* [WORK TASK]: Here is a listing, set out below; repeat its lines from the one with "Nomikuma 2022 秋花柄シフォンブラウス弓包帯スタンドネック女性シャツ因果パフスリーブトップ" to the last, both included, and leave out the pictures.

* [DATA BELOW]:
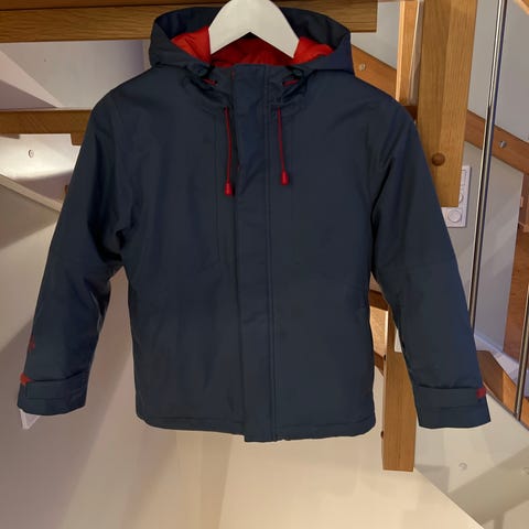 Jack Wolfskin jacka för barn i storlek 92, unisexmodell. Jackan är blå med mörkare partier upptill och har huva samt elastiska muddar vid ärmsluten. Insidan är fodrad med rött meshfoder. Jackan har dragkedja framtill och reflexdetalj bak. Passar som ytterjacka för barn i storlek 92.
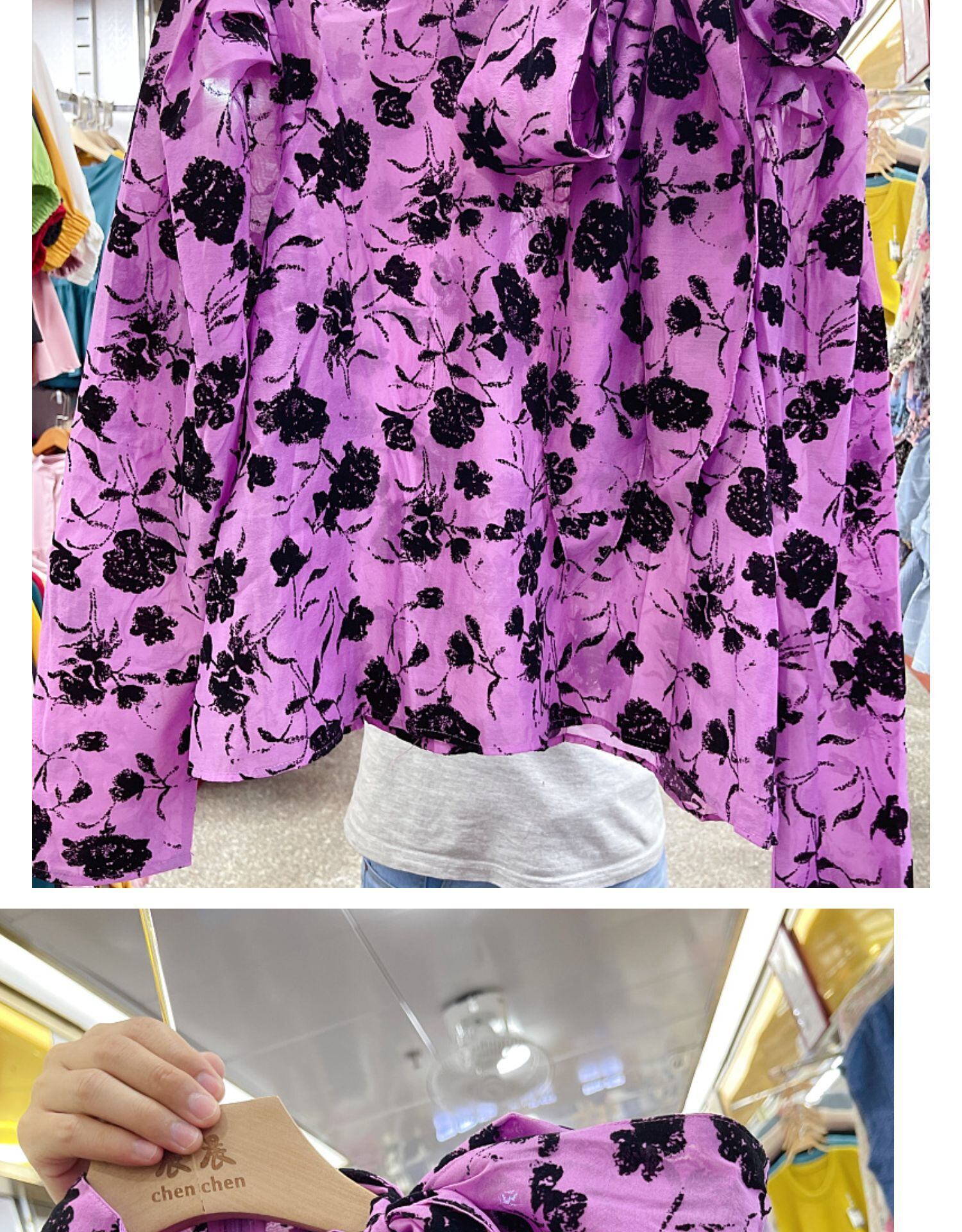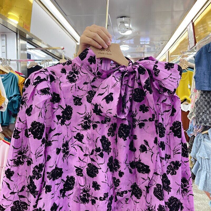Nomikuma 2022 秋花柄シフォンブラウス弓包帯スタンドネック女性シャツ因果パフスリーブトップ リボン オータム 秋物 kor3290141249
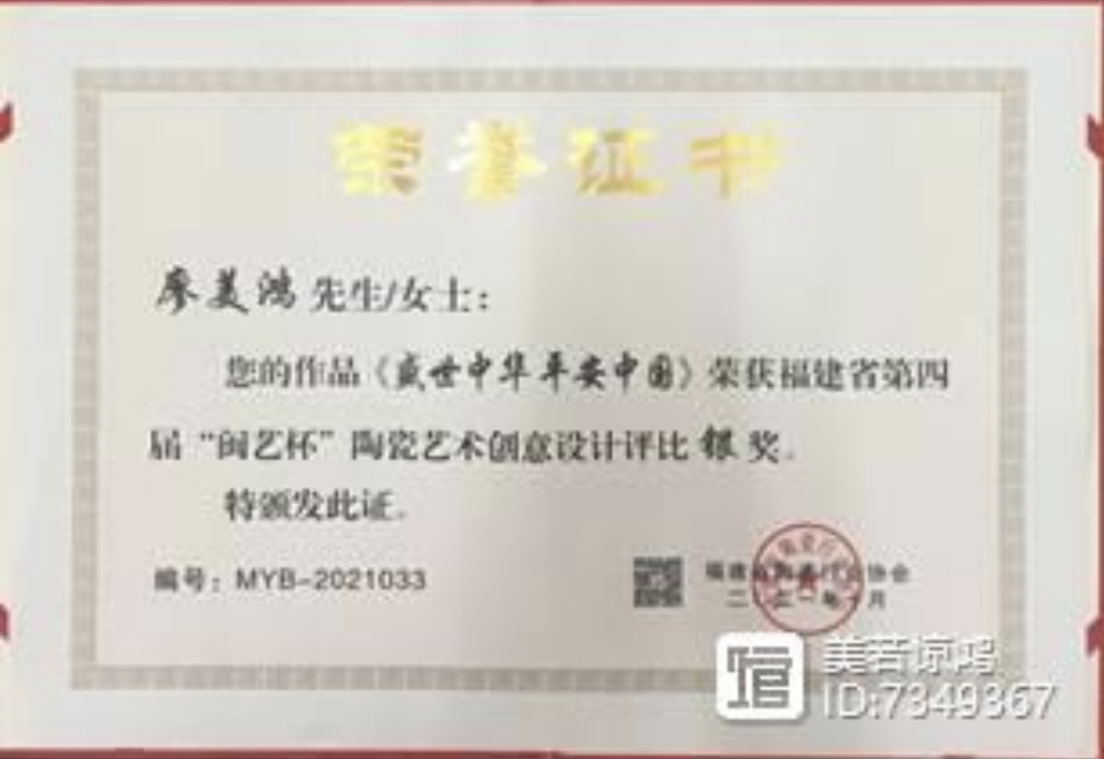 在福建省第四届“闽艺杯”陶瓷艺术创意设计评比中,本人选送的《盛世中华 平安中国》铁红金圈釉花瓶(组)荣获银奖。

* [RESULT FOR THIS EXERCISE]:
Nomikuma 2022 秋花柄シフォンブラウス弓包帯スタンドネック女性シャツ因果パフスリーブトップ リボン オータム 秋物 kor3290141249
 在福建省第四届“闽艺杯”陶瓷艺术创意设计评比中,本人选送的《盛世中华 平安中国》铁红金圈釉花瓶(组)荣获银奖。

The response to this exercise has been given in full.